St. Louis Bertrand celebrates 150 years

Dominican novices were among those who took part in a Mass Oct. 15 at St. Louis Bertrand Church to celebrate the parish’s 150th anniversary. The Mass and a dinner afterward wrapped up a year-long celebration.  (Record Photo by Ruby Thomas)
Dominican novices were among those who took part in a Mass Oct. 15 at St. Louis Bertrand Church to celebrate the parish’s 150th anniversary. The Mass and a dinner afterward wrapped up a year-long celebration. (Record Photo by Ruby Thomas)

By Ruby Thomas, Record Staff Writer
Archbishop Joseph E. Kurtz told parishioners of St. Louis Bertrand Church gathered to commemorate the parish’s 150th anniversary Oct. 15 that the “gift of service” characterizes their historic parish community.
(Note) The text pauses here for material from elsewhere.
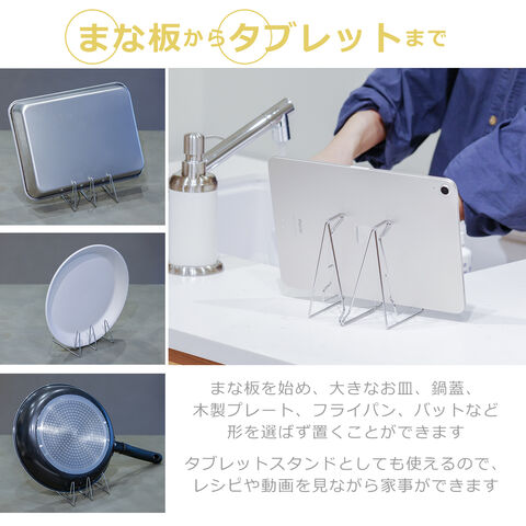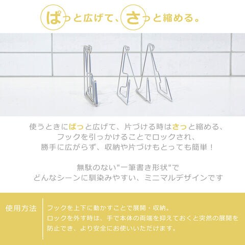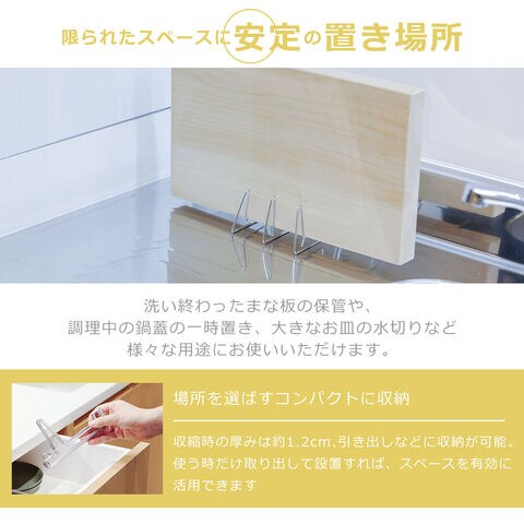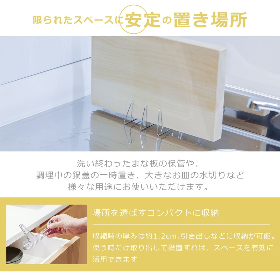 ・ワンタッチで瞬時に出来る、超スリムなまな板スタンド ・使いたい時にぱっと広げて、片づける時はさっと縮めるだけ ・大物でもしっかり支えられるのに、使う時もしまう時も場所を取らない ・まな板はもちろん、調理中の鍋蓋の一時置き、大きなお皿の水切りなど様々な用途に活躍 ・収縮時の厚みはわずか1.2cm。置き場所に困らず引き出しにも収納可能 ・丈夫な上に錆びにくい、自動車部品などに使われるステンレスのばね材を使用 ・手洗いはもちろんのこと食洗機で丸洗いOK |

The day’s celebration began with Mass celebrated by the archbishop and continued with a reception and dinner at the Downtown Marriott. The Mass and dinner wrapped up a year-long celebration that included an anniversary brunch, parish and neighborhood cookouts and monthly talks about the life of several Dominican friars who were canonized, including St. Thomas Aquinas and St. Albert the Great.

St. Louis Bertrand was established in 1866 by members of the Dominican Order. Father Edward Gorman, the current pastor, is a member of the Dominican Friars of the Province of St. Joseph. This year also marks the 800th anniversary of the founding of the Dominican Order by Spanish priest St. Dominic de Guzmán.

The current church, which stands at 1104 South Sixth St. in Old Louisville, was dedicated in 1873. The Dominican friars also operated an elementary school, which closed in the 1960s when families started moving away from downtown and into the suburbs, according to a press release from the parish.

During his homily Archbishop Kurtz described the English Gothic church as “beautiful,” calling attention to the “magnificent holy altar” built in the 1800s and the stained-glass windows depicting the 15 mysteries of the holy rosary.

“So many beautiful ways that you are called, in stone and in glass, to draw closer to the Lord,” said Archbishop Kurtz.

The archbishop said the parish has many gifts for which to be thankful, but “the gift of service,” which he said has long characterized St. Louis Bertrand, stands out.

“That desire to seek to serve others is something that has been constant” in the parish’s history, he said.

This desire to serve was evident during the great flood of 1937, when the Dominican fathers and parishioners opened the church’s doors to 350 people who’d been left homeless by the disaster, said Archbishop Kurtz.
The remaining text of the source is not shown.